STARK-Levenshtein - Fuzzy String Matching¶
Overview¶
Minimal wrappers for Levenshtein distance and similarity, with optional phonetic/character proximity graphs, substring search, and prefix/suffix ignoring. Useful for fuzzy string matching, similarity scoring, and fuzzy substring search. Written in cython and compiled for performance.
Basic Usage¶
from stark.tools.levenshtein import (
levenshtein_distance,
levenshtein_similarity,
levenshtein_match,
levenshtein_distance_substring,
levenshtein_search_substring,
SIMPLEPHONE_PROXIMITY_GRAPH, # Is more meaningful to use for simplephone strings, see phonetic tools docs
SKIP_SPACES_GRAPH, # ignores spaces while matching
)
# Get the Levenshtein distance (lower = more similar, 0 = exact match)

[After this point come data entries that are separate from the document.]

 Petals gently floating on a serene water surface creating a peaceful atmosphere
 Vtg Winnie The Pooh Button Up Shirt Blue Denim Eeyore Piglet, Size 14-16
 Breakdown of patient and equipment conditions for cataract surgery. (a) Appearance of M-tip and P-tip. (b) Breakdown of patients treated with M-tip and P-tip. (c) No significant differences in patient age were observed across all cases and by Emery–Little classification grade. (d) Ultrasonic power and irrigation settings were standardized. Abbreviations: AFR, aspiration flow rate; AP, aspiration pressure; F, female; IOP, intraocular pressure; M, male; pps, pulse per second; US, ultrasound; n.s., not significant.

lev = levenshtein_distance(s1="kitten", s2="sitting")
# Get similarity score (0.0 to 1.0, higher = more similar)
sim = levenshtein_similarity(s1="kitten", s2="sitting")
# Check if two strings are similar enough (similarity >= threshold)

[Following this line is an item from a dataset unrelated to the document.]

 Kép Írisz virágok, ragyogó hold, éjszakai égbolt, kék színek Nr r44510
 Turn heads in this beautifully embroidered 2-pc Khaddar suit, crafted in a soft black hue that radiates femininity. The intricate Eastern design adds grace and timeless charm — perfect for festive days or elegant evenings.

is_match = levenshtein_match(s1="kitten", s2="sitting", threshold=0.7)
# Find all substrings in s2 with minimal distance to s1
dist_spans = levenshtein_distance_substring(s1="kitten", s2="the sitting cat")
# Returns: list of (Span, distance)
# Find substrings in s2 where similarity to s1 is above threshold
search_spans = levenshtein_search_substring(s1="kitten", s2="the sitting cat", threshold=0.7)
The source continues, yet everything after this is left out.